C = textscan(fid, 'format', param, value, ...) reads data from the file using nondefault parameter settings specified by one or more pairs of param and value arguments. The section User Configurable Options lists all valid parameter strings, value descriptions, and defaults.

C = textscan(fid, 'format', N, param, value, ...) reads data from the file, reusing the format conversion specifier N times, and using nondefault parameter settings specified by pairs of param and value arguments.

C = textscan(str, ...) reads data from string str in exactly the same way as it does when reading from a file. You can use the format, N, and parameter/value arguments described above with this syntax. Unlike when reading from a file, if you call textscan more than once on the same string, it does not resume reading where the last call left off but instead reads from the beginning of the string each time.

[C, position] = textscan(...) returns the location of the file or string position as the second output argument.

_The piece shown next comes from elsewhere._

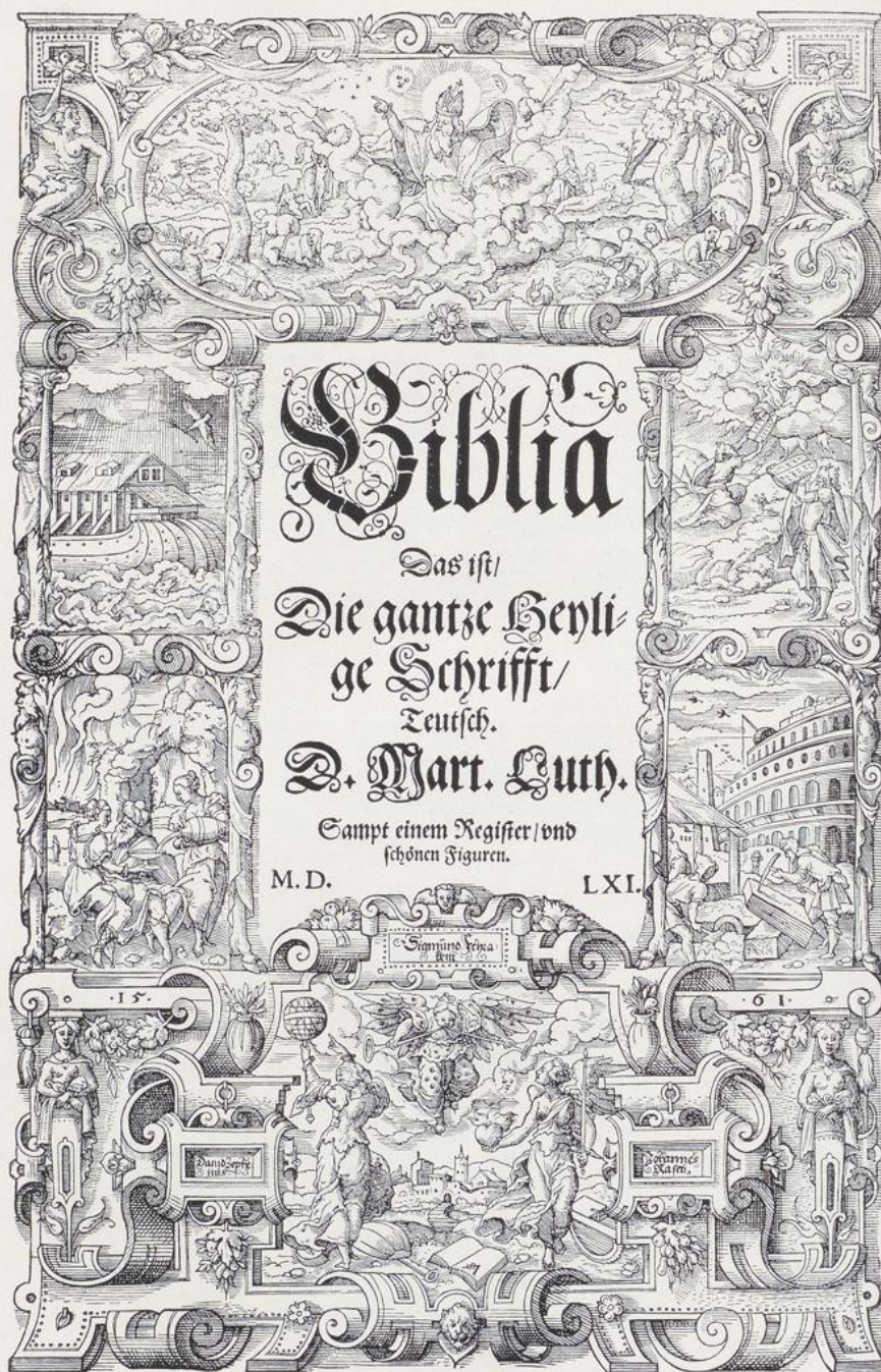
423. Virgil Solis, Titelblatt zur Frankfurter Bibel, Holzschnitt, 1561.

For a file, this is exactly equivalent to calling ftell(fid) after making the call to TEXTSCAN. For a string, it indicates how many characters were read.

The Difference Between the textscan and textread Functions

The textscan function differs from textread in the following ways:

Field Delimiters

The textscan function regards a text file as consisting of blocks. Each block consists of a number of internally consistent fields. Each field consists of a group of characters delimited by a field delimiter character. Fields can span a number of rows. Each row is delimited by an end-of-line (EOL) character sequence.

The default field delimiter is the white-space character, (i.e., any character that returns true from a call to the isspace function). You can set the delimiter to a different character by specifying a 'delimiter' parameter in the textscan command (see User Configurable Options). If a nondefault delimiter is specified, repeated delimiter characters are treated as separate delimiters. When using the default delimiter, repeated white-space characters are treated as a single delimiter.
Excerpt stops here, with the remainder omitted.